#### [DATA LISTING]

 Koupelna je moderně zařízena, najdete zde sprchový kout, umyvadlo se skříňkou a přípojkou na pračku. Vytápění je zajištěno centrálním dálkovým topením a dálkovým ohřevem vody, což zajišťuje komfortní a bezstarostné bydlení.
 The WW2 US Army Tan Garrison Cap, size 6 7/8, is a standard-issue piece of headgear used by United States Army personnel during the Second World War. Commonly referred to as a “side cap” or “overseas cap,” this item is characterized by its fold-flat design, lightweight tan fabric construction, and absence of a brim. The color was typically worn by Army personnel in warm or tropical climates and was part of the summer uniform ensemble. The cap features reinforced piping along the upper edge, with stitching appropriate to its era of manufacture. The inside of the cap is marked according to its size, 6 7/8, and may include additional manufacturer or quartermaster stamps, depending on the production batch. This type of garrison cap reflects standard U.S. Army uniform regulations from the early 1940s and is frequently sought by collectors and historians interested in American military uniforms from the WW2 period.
...
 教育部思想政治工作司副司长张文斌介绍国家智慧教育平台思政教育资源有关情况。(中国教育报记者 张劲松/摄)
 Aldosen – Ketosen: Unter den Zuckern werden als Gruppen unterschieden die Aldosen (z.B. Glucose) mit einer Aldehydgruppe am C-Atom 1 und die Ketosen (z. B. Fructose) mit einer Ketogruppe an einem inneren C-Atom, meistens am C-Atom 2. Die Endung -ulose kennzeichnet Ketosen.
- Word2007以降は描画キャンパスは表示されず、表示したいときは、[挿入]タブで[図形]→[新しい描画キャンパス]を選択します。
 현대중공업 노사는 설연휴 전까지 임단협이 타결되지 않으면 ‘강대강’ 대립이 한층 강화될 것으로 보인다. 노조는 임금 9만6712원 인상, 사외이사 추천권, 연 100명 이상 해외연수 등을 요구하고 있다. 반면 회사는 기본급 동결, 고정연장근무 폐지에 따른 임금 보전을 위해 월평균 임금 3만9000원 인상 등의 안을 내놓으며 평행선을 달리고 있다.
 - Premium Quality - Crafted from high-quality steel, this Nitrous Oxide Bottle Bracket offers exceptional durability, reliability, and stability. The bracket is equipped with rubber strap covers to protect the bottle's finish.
* * *
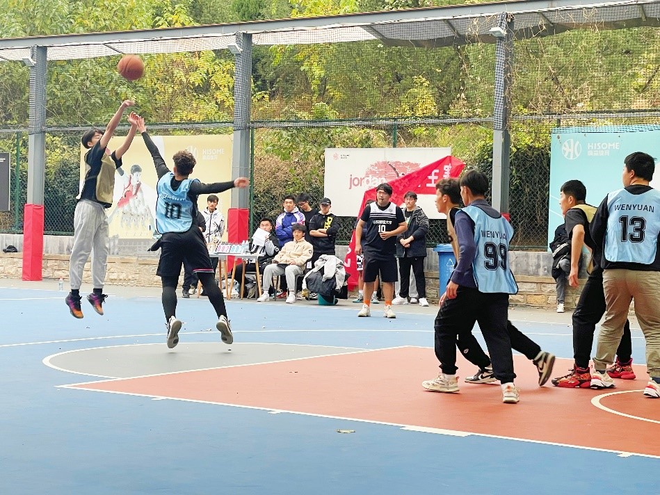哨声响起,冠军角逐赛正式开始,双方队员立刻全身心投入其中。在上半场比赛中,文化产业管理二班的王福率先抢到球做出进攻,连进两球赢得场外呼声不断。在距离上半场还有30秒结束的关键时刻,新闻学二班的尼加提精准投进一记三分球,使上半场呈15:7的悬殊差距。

#### [TASK GOAL]
Among the entries above, locate the lines containing "教育部思想政治工作司副司长张" and "- Premium Quality", and transcribe exactly those two lines and all lines between.

#### [RESULT FOR THIS EXERCISE]
 教育部思想政治工作司副司长张文斌介绍国家智慧教育平台思政教育资源有关情况。(中国教育报记者 张劲松/摄)
 Aldosen – Ketosen: Unter den Zuckern werden als Gruppen unterschieden die Aldosen (z.B. Glucose) mit einer Aldehydgruppe am C-Atom 1 und die Ketosen (z. B. Fructose) mit einer Ketogruppe an einem inneren C-Atom, meistens am C-Atom 2. Die Endung -ulose kennzeichnet Ketosen.
- Word2007以降は描画キャンパスは表示されず、表示したいときは、[挿入]タブで[図形]→[新しい描画キャンパス]を選択します。
 현대중공업 노사는 설연휴 전까지 임단협이 타결되지 않으면 ‘강대강’ 대립이 한층 강화될 것으로 보인다. 노조는 임금 9만6712원 인상, 사외이사 추천권, 연 100명 이상 해외연수 등을 요구하고 있다. 반면 회사는 기본급 동결, 고정연장근무 폐지에 따른 임금 보전을 위해 월평균 임금 3만9000원 인상 등의 안을 내놓으며 평행선을 달리고 있다.
 - Premium Quality - Crafted from high-quality steel, this Nitrous Oxide Bottle Bracket offers exceptional durability, reliability, and stability. The bracket is equipped with rubber strap covers to protect the bottle's finish.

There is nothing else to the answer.